Of all economics papers published this century, the 10^{th} most cited appeared in *Economics Letters *, a journal with an impact factor of 0.5. It makes an inconvenient and counterintuitive point: the sign of the estimate (b̂) of an interaction in a logit/probit regression, need not correspond to the sign of its* effect* on the dependent variable (Ai & Norton 2003, .pdf; 1467 cites).

That is to say, if you run a logit regression like y=logit(b_{1}x_{1}+b_{2}x_{2}+b_{3}x_{1}x_{2}), and get b̂_{3}= .5, a positive interaction estimate, it is possible (and quite likely) that for many xs, the impact of the interaction on the dependent variable is negative; that is, that as x_{1} gets larger, the impact of x_{2} on y gets *smaller*.

This post provides an intuition for that reversal, and discusses when it actually matters.

side note: Many economists run “linear probability models” (OLS) instead of logits, to avoid this problem. But that does not **fix** this problem, it just **hides** it. I may write about that in a future post.

**Buying a house (no math)**

Let’s say your decision to buy a house depends on two independent factors: (i) how much you like it (ii) how good an investment it is.

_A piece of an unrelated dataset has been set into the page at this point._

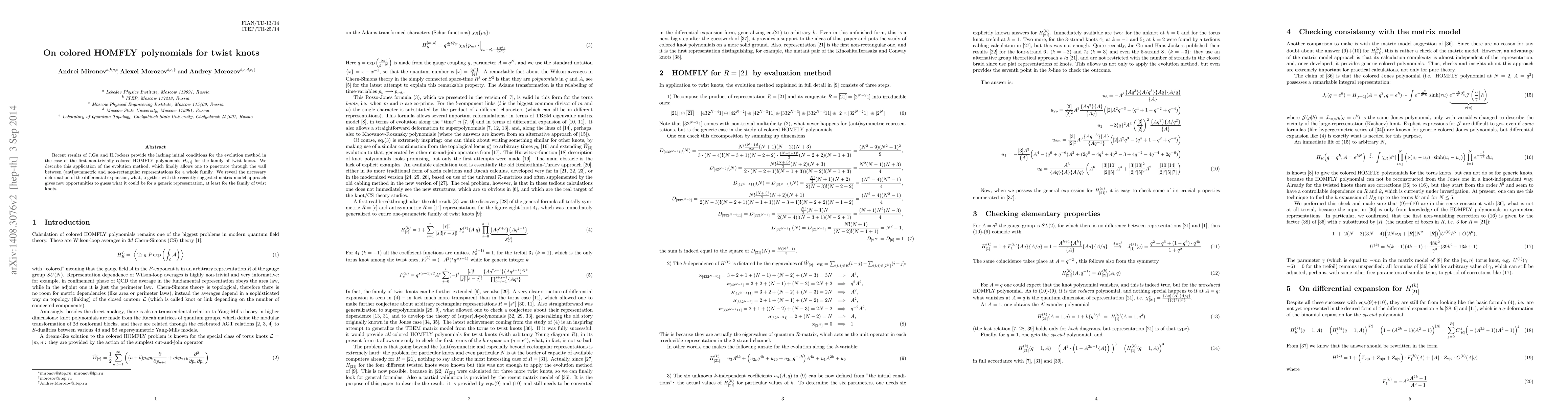 Summary: J.Gu and H.Jockers' recent findings supply essential initial conditions for applying the evolution method to the first non-trivially colored HOMFLY polynomials H_{[21]} in twist knots. This enables a comprehensive analysis of both symmetric and non-rectangular representations for this knot family, aided by a necessary deformation of the differential expansion and a matrix model approach.
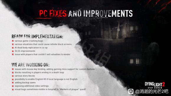 消逝的光芒2有哪些BUG?许多玩家在游戏时遇到了各种各样的BUG,为了修复这些BUG官方也是做出了修复补丁,下面小编就带来消逝的光芒2官方修复补丁介绍,一起来看看吧。

*Unbounded scale. *If the house decision were on an unbounded scale, say how much to pay for it, liking and investment value would remain independent. If you like the house enough to pay $200k, and in addition it would give you $50k in profits, you’d pay $250k; if the profits were $80k instead of $50k, then pay $280k. Two main effects, no interaction [1].

*Bounded scale. *Now consider, instead of $ paid, measuring how probable it is that you buy the house; a bounded dependent variable (0-1). Imagine you *love* the house (Point C in figure below). Given that enthusiasm, a small increase or drop in how good an investment it is, doesn’t affect the probability much. If you felt lukewarm, in contrast (Point B), a moderate increase in the investment quality could make a difference. And in Point A, moderate changes again don’t matter much.

__Key intuition:__ when the dependent variable is bounded [2], the impact of every independent variable moves it closer/further from that bound, and hence, impacts how flat the curve is, how sensitive the dependent variable it is to changes in *any *other variable. *Every* variable, then, has an interactive effect on *all* variables, even if they are not meaningfully related to one another and even if interaction effects are not included in the regression equation.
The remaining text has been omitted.